Two dedications to Liber Pater and two to Dionysus come from Noаve, the camp of the First Italian Legion. The earliest monument, like the Oescus inscription already discussed, is dedicated to Liber Pater. It represents a reused base for a limestone statue (height ca. 2 m). In the text under consideration the god is called Conservator (guardian, savior), but in addition to this he bears the adjectives Deus (god) and Sanctus (sacred). In contrast to the Oescus dedication, here Liber Pater is the guardian not only of the Augustans and Caesars, but also of the entire First Italian Legion. The statue of the god was dedicated by Aurelius Porphyrius of the Phoenicia province. The part of the inscription in which his office has been inscribed is damaged, but it may be assumed with great certainty that he was a primipilarius. Here again, there are no any clues for a more precise dating of the monument. As the god is the guardian of the two augusti and two caesars the publisher of the inscription T. Sarnowski suggests that it dates from the period 293–311.[16]
The second dedication to Liber Pater from Novаe has not been published. It is known to have been dedicated by a person with the name Valerius Chaereas, a native of Phoenicia. Like the three examples discussed so far, he also held the office of primipilarius.[17] It is not clear whether Liber Pater bears the adjective conservator in this case too.
The last two monuments from Novаe are dedicated to Dionysus. Both are bases for statues of the deity. The first of them is a reused limestone slab (height 1.23 m, width 0.455 m., depth 0.26 m).
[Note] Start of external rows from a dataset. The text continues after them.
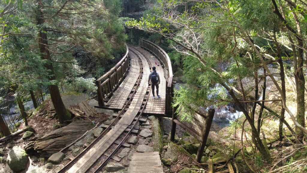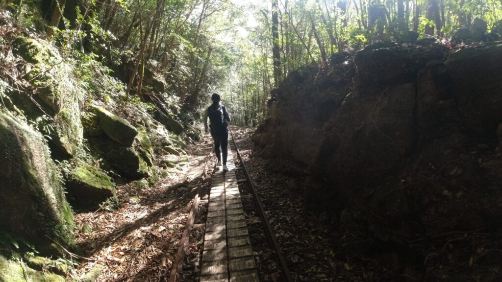 縄文杉まではここから約8kmのトロッコ道のあと2.5kmの登山道。かつては伐採した木を運搬するために使われていたが、今は観光地として各所にあるお手洗いのし尿搬出のために使われているそうな。
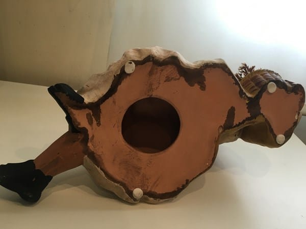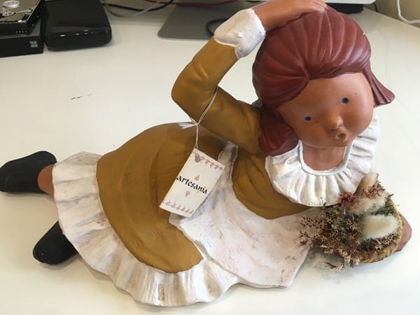 Hola. Hace 16 años nos regalaron esta figura de terracota producida en Valencia. Nunca se ha usado, aún tiene etiqueta. Mide 40 cm x 20 cm x 22 cm de alto. En la etiqueta se muestra "modelo patentado" y "pintado a mano". ¿Qué valor puede tener?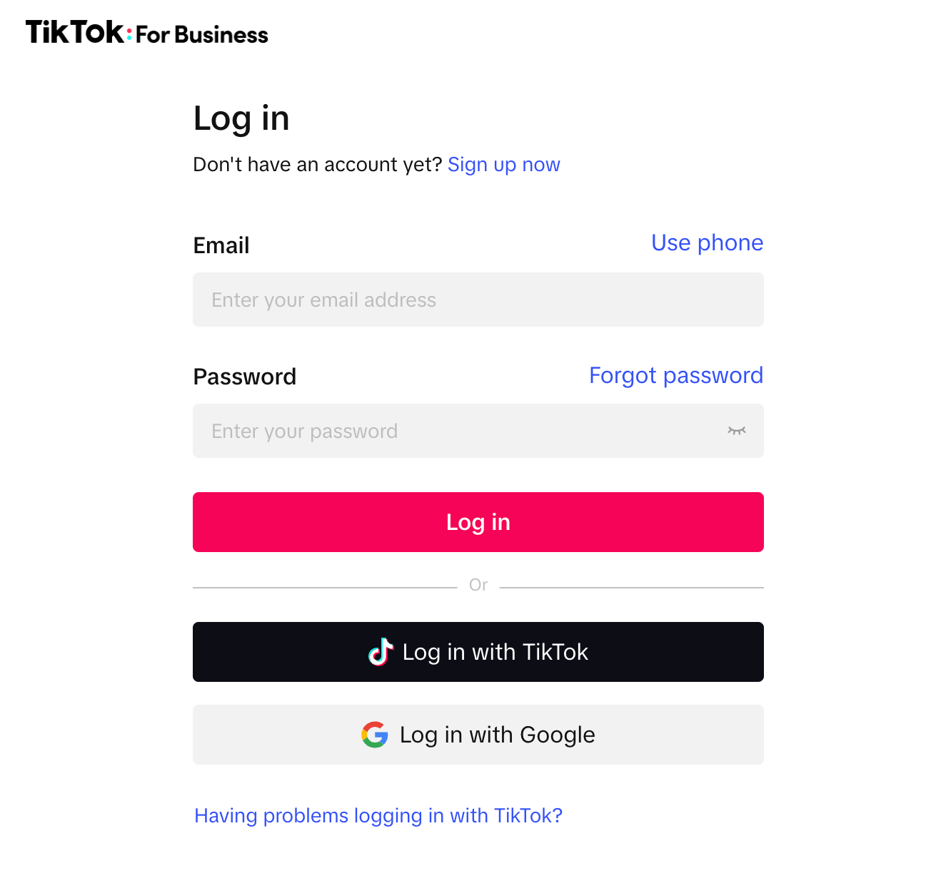 - Il vous sera demandé de vous connecter à votre compte TikTok for Business, si ce n’est pas déjà fait.
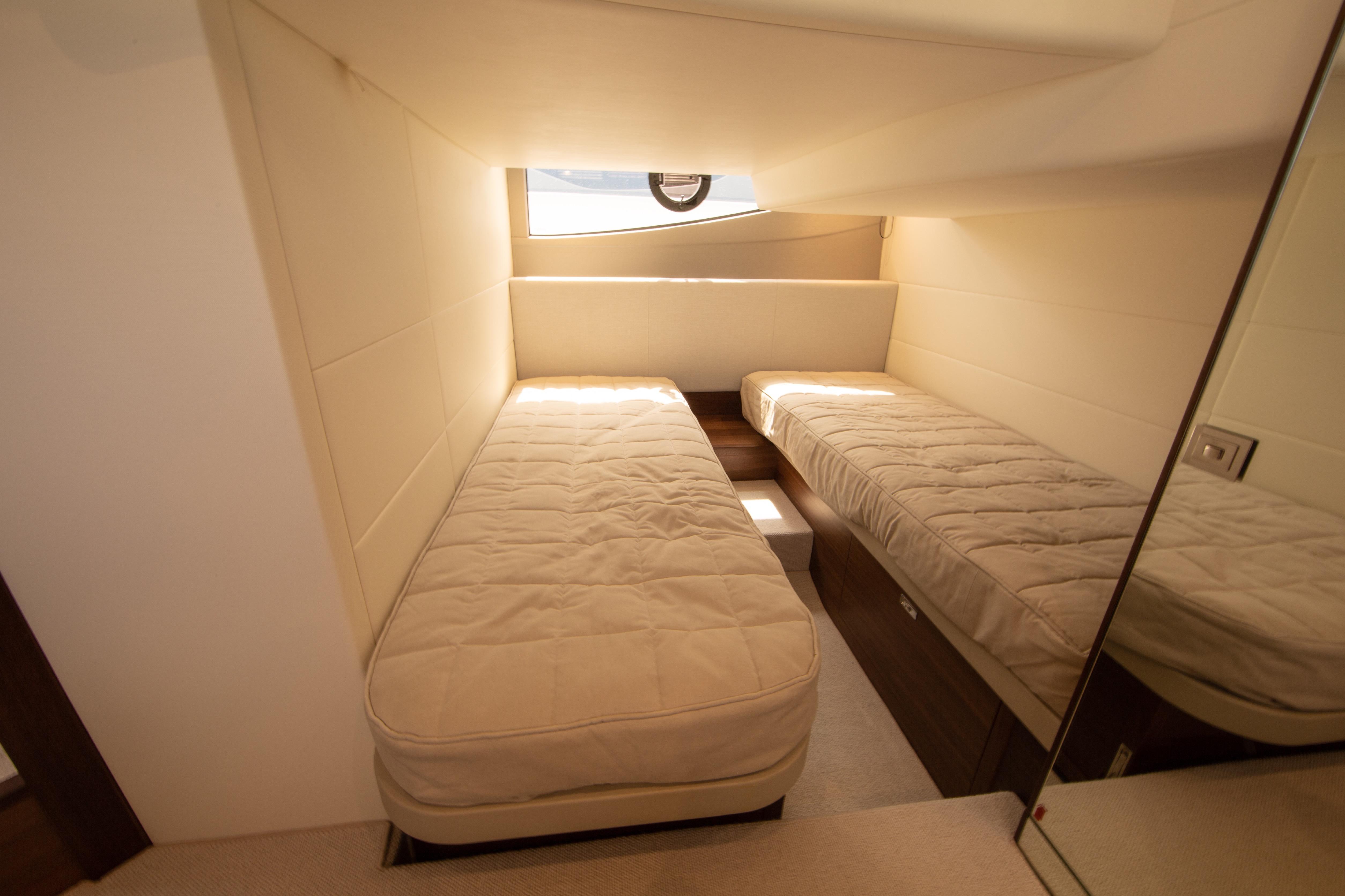 Inside, the V40 reveals a spacious and bright saloon, a modern galley, and two stylish cabins. The forward cabin features a private en-suite bathroom with secondary access from the saloon, while the aft cabin offers twin berths that can convert into a double when needed.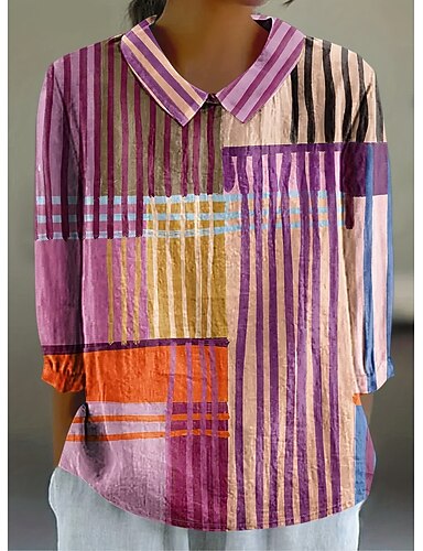 Dame Bluse Knapper Trykt mønster Nyanse Grafisk Geometrisk Årgang Daglig Stilfull Langermet Skjortekrage Vanlige topper Daglig Fuksia Oransje Beige Sommer Vår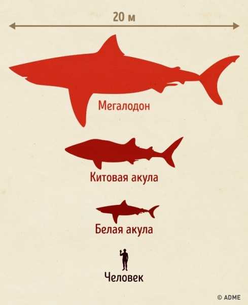 Найбільша акула у світі – мегалодон – борознила глибини океанів близько 28 млн років тому. Мегалодон був справжнім царем підводного світу, сягав 16 метрів завдовжки і важив приблизно 47 тонн.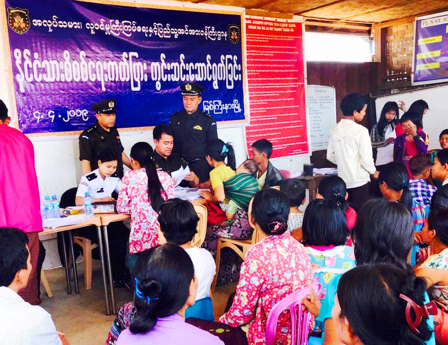 ကချင်ပြည်နယ် ၊ မြစ်ကြီးနားခရိုင် ၊ မြစ်ကြီးနားမြို့နယ် လူဝင်မှုကြီးကြပ်ရေးနှင့် ပြည်သူ့အင်အားဆိုင်ရာ ဦးစီးမှူးရုံးမှ မြို့နယ်ဦးစီးမှူး ဦးဇော်ရာနှင့် ဝန်ထမ်းများအဖွဲ့သည် ဧပြီ ၄ ရက် ၊ နံနက် ၉ နာရီခွဲက မြစ်ကြီးနားမြို့နယ် ပလန ကျေးရွာရှိ စိန့်ဂျိုးဇက် စစ်ဘေးရှောင်စခန်းသို့ သွားရောက်ပြီး စစ်ဘေးရှောင်ပြည်သူများအား နိုင်ငံသားစိစစ်ရေးကတ်ပြားများ နေ့ချင်းပြီး ကွင်းဆင်းပြုလုပ် ဆောင်ရွက်ပေးခဲ့ကြောင်း သိရသည်။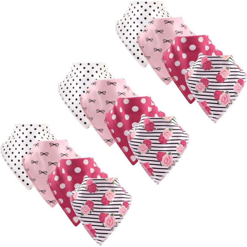 Hudson Baby Unisex Baby Cotton Fleece Bandana Bibs(Roses and Bows 12-pack)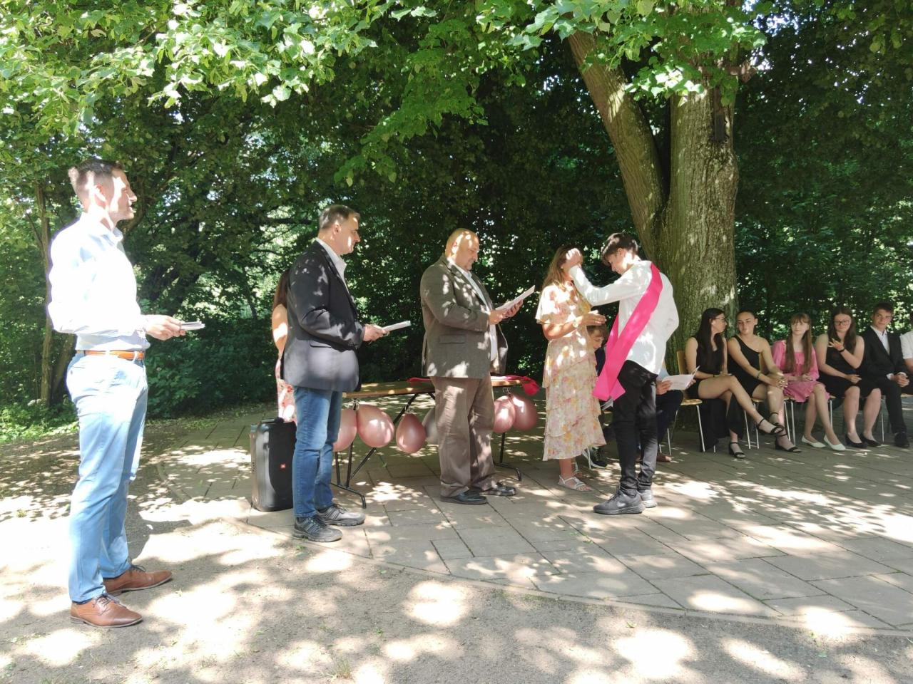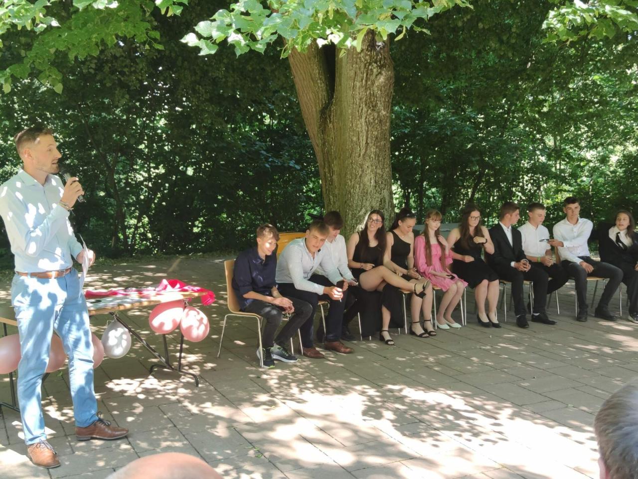 Slavnostní vyřazení se konalo 29.06.2023 odpoledne ve Tvrzi ve Štěměchách. Za školu se s žáky rozloučil třídní učitel Mgr. Josef Herbrych a pan ředitel Ing. Jan Tesař. Paní starostka ze Štěměch pronesla krátkou řeč, a pak už mohlo nastat slavnostní předání vysvědčení, které žákům předal pan starosta Ing. Zdeněk Skála z Předína. Celkem bylo vyřazeno 14 žáků 9. třídy. Děkujeme za pozvání.
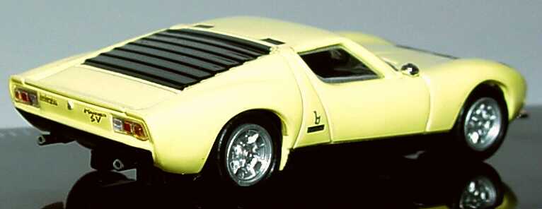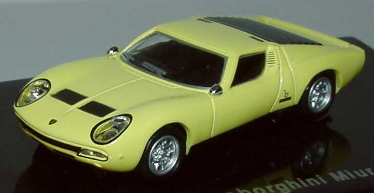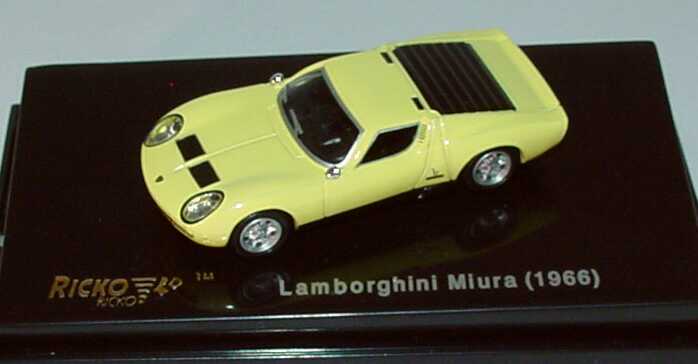Ricko-Modellauto in Minivitrine, M 1:87, Lamborghini Miura hellgelb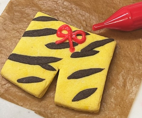 ●黄一色の生地を作って鬼のパンツ型に焼いて、後からデコペン・チョコで虎柄を描くだけなら、もっと簡単にできます。

The name of the venerated deity has not been preserved, its identification with Dionysus is without any doubt due to the adjectives: son of Semele, crowned with ivy wreath and twice-born. The primipilarii Theodore and Palladius of the province of Helespontus took care of the erection of the statue. The monument was dedicated following the accomplishment of their duties of providing the army with food for the victories of the two emperors. As a dating element, the inscriptions mentions the indiction during which the above-mentioned primipilarii performed their services. On this basis and because of the mention of two Augusti and at the same time due to the lack of a consular date, the monument has been dated to the years 348/349 or 363–364.[18] The last monument, a statue of Dionysus again, has been erected by Flavius […]an[19] a primipilarius of the already mentioned province of Hellespontus. As in the previous inscription, the god is defined as bestowing victories, but also fruits.[20]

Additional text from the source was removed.